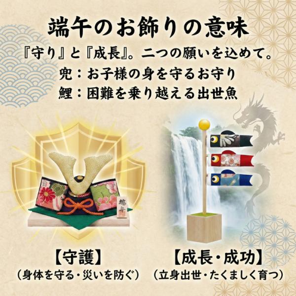 ◆兜と鯉のぼりの両方が楽しめる 男の子の身を守る「兜」と、立身出世を願う「鯉のぼり」。 端午の節句に欠かせない二つの飾りがセットになりました。
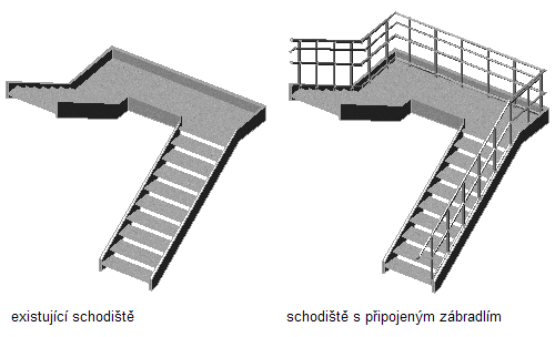 Tento postup slouží k vytvoření zábradlí, které je připojeno ke schodišti a které obsahuje vámi zadané nastavení.
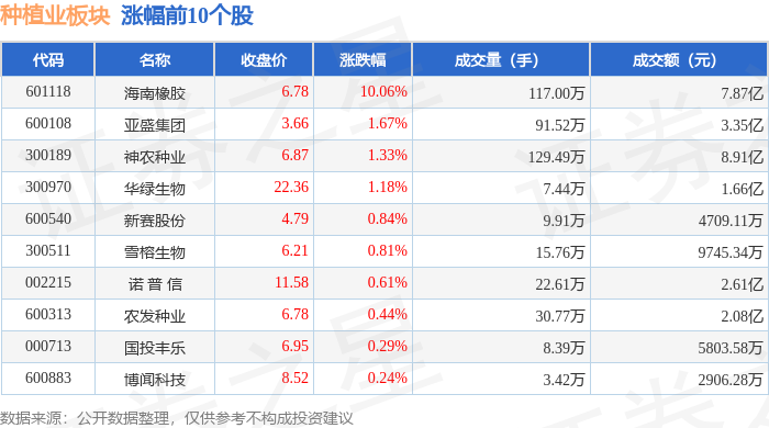证券之星消息,1月23日种植业板块较上一交易日上涨1.37%,海南橡胶领涨。当日上证指数报收于 4136.16,上涨0.33%。深证成指报收于14439.66,上涨0.79%。种植业板块个股涨跌见下表: | 代码 | 名称 | 收盘价 | 涨跌幅 | 成交量(手) | 成交额(元) | | --- | --- | --- | --- | --- | --- | | 603336 | 宏辉美疏 | 9.40 | -2.08% | 16.48万 | 1.56亿 | | 002772 | 众兴菌业 | 15.65 | -2.00% | 14.98万 | 2.34亿 | | 600598 | 北大荒 | 15.52 | -1.52% | 29.08万 | 4.53亿 | | 920403 | 康农种业 | 25.33 | -1.36% | - 3.51万 | 8862.77万 | | 002041 | 登海神』 | 9.89 | -0.50% | 11.86万 | 1.17亿 | | 600354 | 敦煌种业 | 6.82 | -0.44% | 23.03万 | 1.57亿 | | 920087 | 秋乐种业 | ...
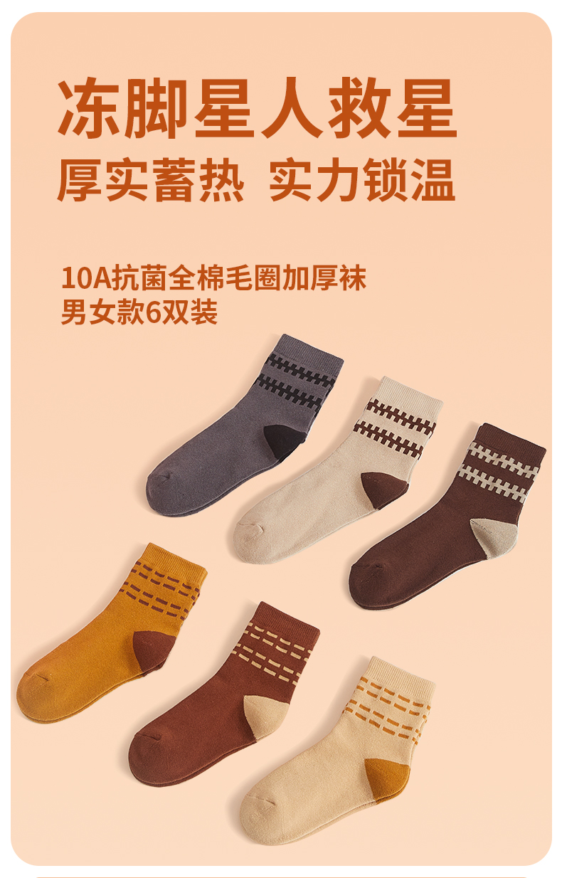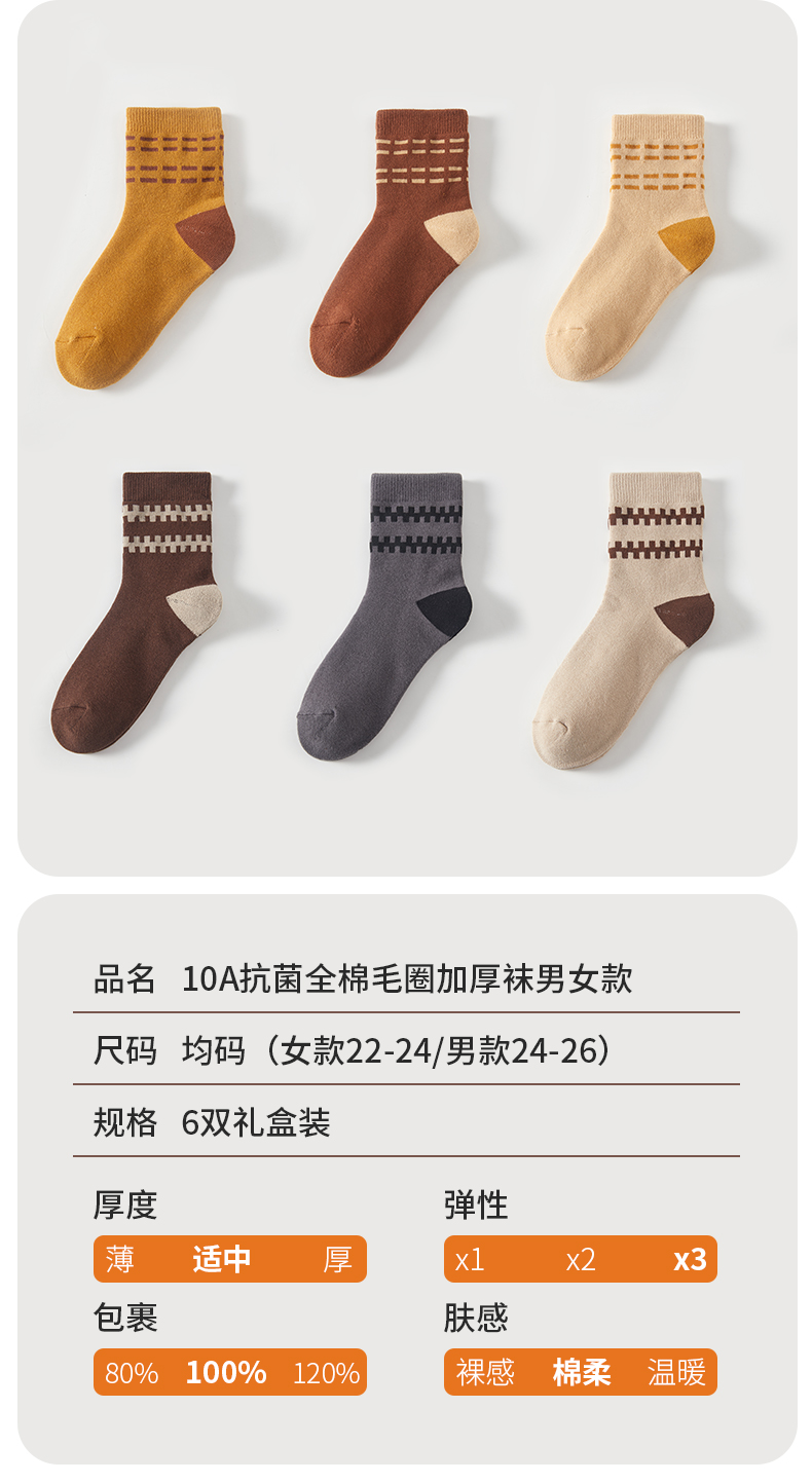 恒源祥 10A抗菌全棉毛圈加厚袜男女款6双装 HYX062WZ
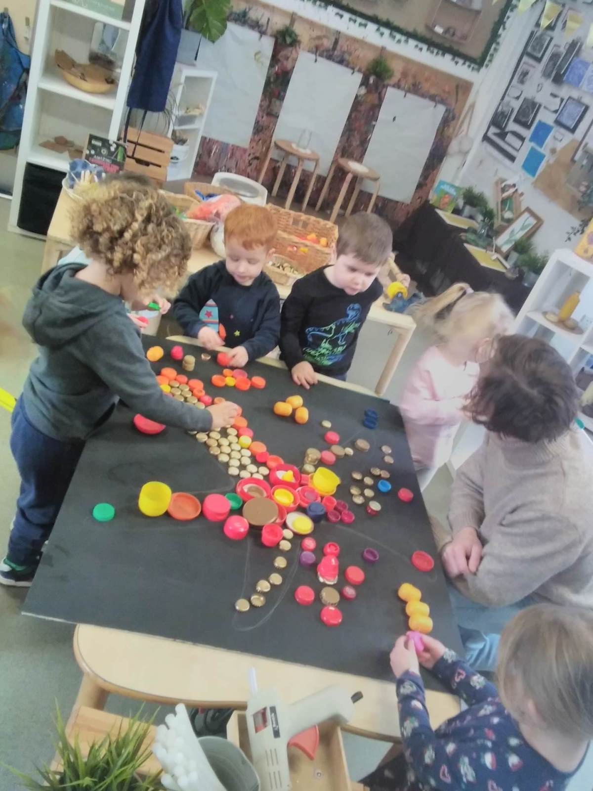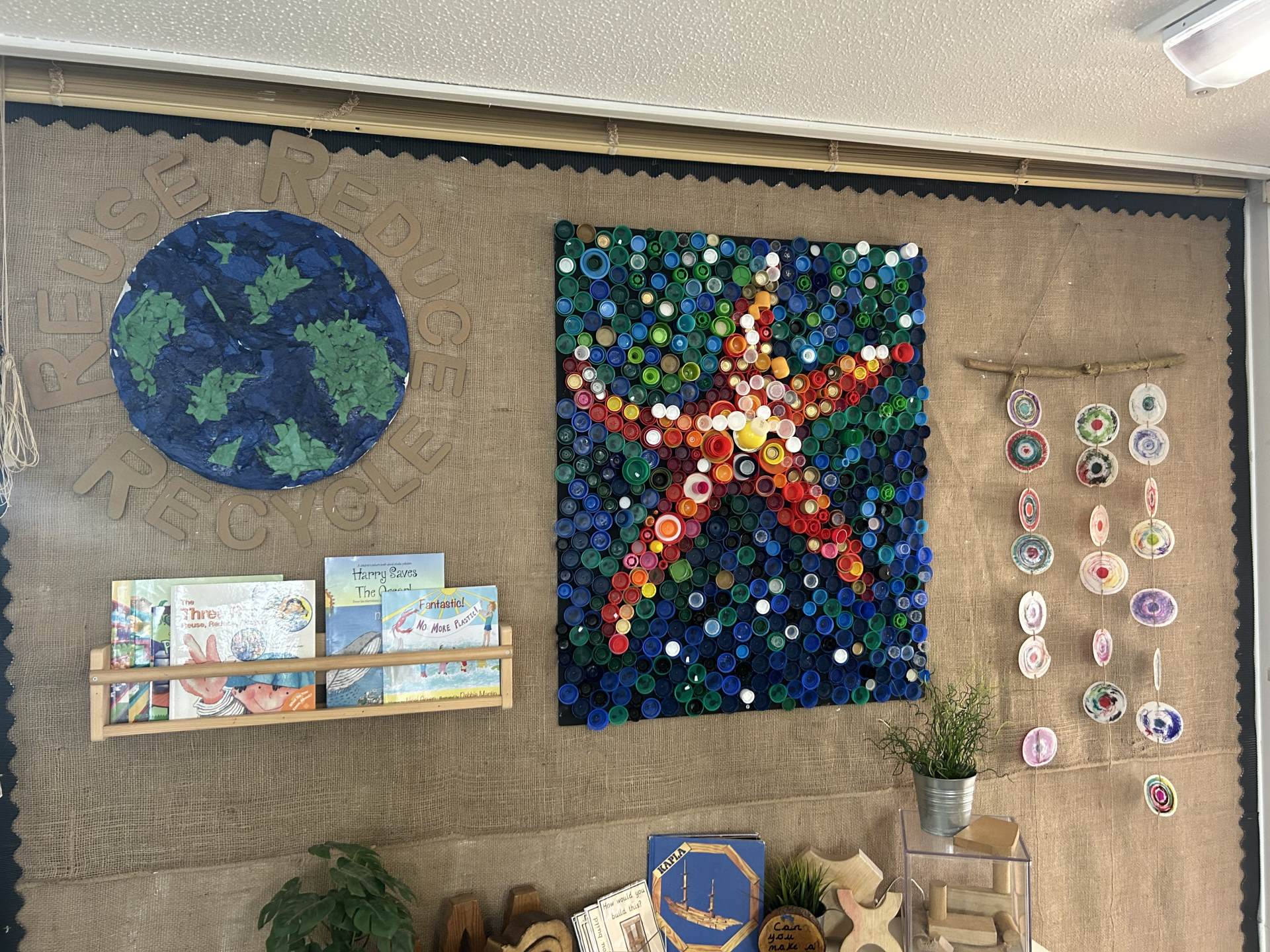 Tom Everard, a local artist, kindly gave up some of his time to create a work of art with the children using recycled materials.
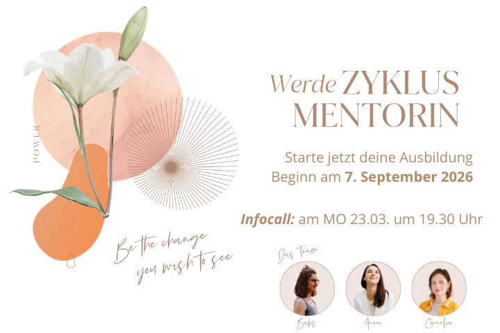 Du interessierst dich für die Ausbildung zur Zyklusmentorin? Im Infocall erhältst du Antworten auf deine Fragen und wirst über Ablauf und Inhalt informiert.
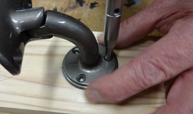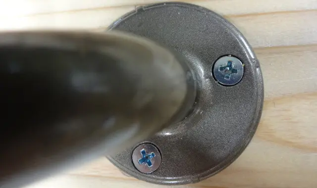 - 取付け金具の皿穴の中心に下穴があくので、ビスを締めた時に金具がずれません
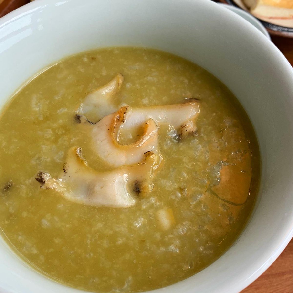 渋谷ヒカリエのd47食堂の韓国済州島のあわび粥モーニング。韓国から仕入れた鮑で炊いた贅沢なお粥。付け合わせも美味しかった...😍定期的にやってほしいです。おかわりしたかったよー😬 pic.twitter.com/qtSLrM4QH9
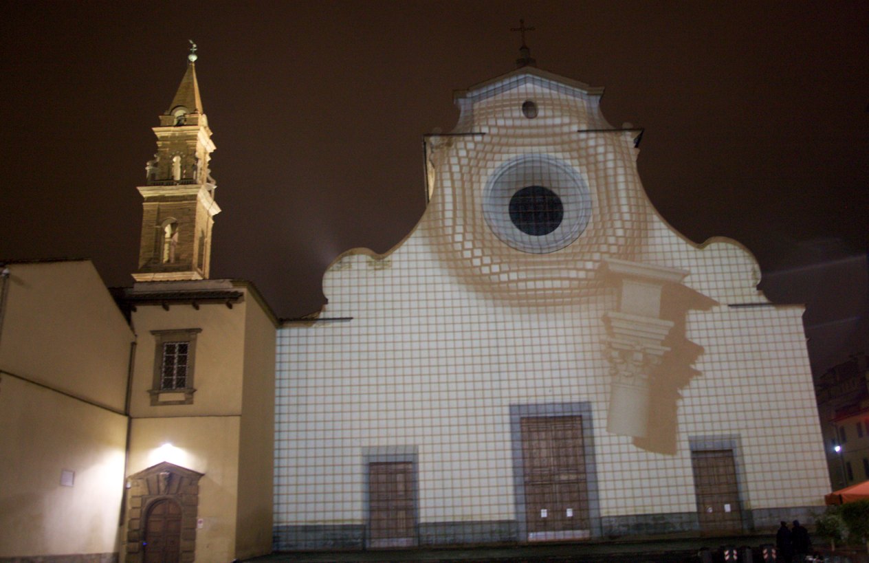 @thefakefactory #flight2013_16 Published December 16, 2013 at 1264 × 819 in “Dimora luminosa”, videoproiezione architetturale sulla facciata della Basilica di Santo Spirito

▸ **Activity**
Retype each line of the data exactly, beginning with the first; include the line containing "渋谷ヒカリエのd47食堂の韓" and stop there, skipping every picture.

▸ **Task solution**
 ◆兜と鯉のぼりの両方が楽しめる 男の子の身を守る「兜」と、立身出世を願う「鯉のぼり」。 端午の節句に欠かせない二つの飾りがセットになりました。
 Tento postup slouží k vytvoření zábradlí, které je připojeno ke schodišti a které obsahuje vámi zadané nastavení.
证券之星消息,1月23日种植业板块较上一交易日上涨1.37%,海南橡胶领涨。当日上证指数报收于 4136.16,上涨0.33%。深证成指报收于14439.66,上涨0.79%。种植业板块个股涨跌见下表: | 代码 | 名称 | 收盘价 | 涨跌幅 | 成交量(手) | 成交额(元) | | --- | --- | --- | --- | --- | --- | | 603336 | 宏辉美疏 | 9.40 | -2.08% | 16.48万 | 1.56亿 | | 002772 | 众兴菌业 | 15.65 | -2.00% | 14.98万 | 2.34亿 | | 600598 | 北大荒 | 15.52 | -1.52% | 29.08万 | 4.53亿 | | 920403 | 康农种业 | 25.33 | -1.36% | - 3.51万 | 8862.77万 | | 002041 | 登海神』 | 9.89 | -0.50% | 11.86万 | 1.17亿 | | 600354 | 敦煌种业 | 6.82 | -0.44% | 23.03万 | 1.57亿 | | 920087 | 秋乐种业 | ...
 恒源祥 10A抗菌全棉毛圈加厚袜男女款6双装 HYX062WZ
 Tom Everard, a local artist, kindly gave up some of his time to create a work of art with the children using recycled materials.
 Du interessierst dich für die Ausbildung zur Zyklusmentorin? Im Infocall erhältst du Antworten auf deine Fragen und wirst über Ablauf und Inhalt informiert.
 - 取付け金具の皿穴の中心に下穴があくので、ビスを締めた時に金具がずれません
 渋谷ヒカリエのd47食堂の韓国済州島のあわび粥モーニング。韓国から仕入れた鮑で炊いた贅沢なお粥。付け合わせも美味しかった...😍定期的にやってほしいです。おかわりしたかったよー😬 pic.twitter.com/qtSLrM4QH9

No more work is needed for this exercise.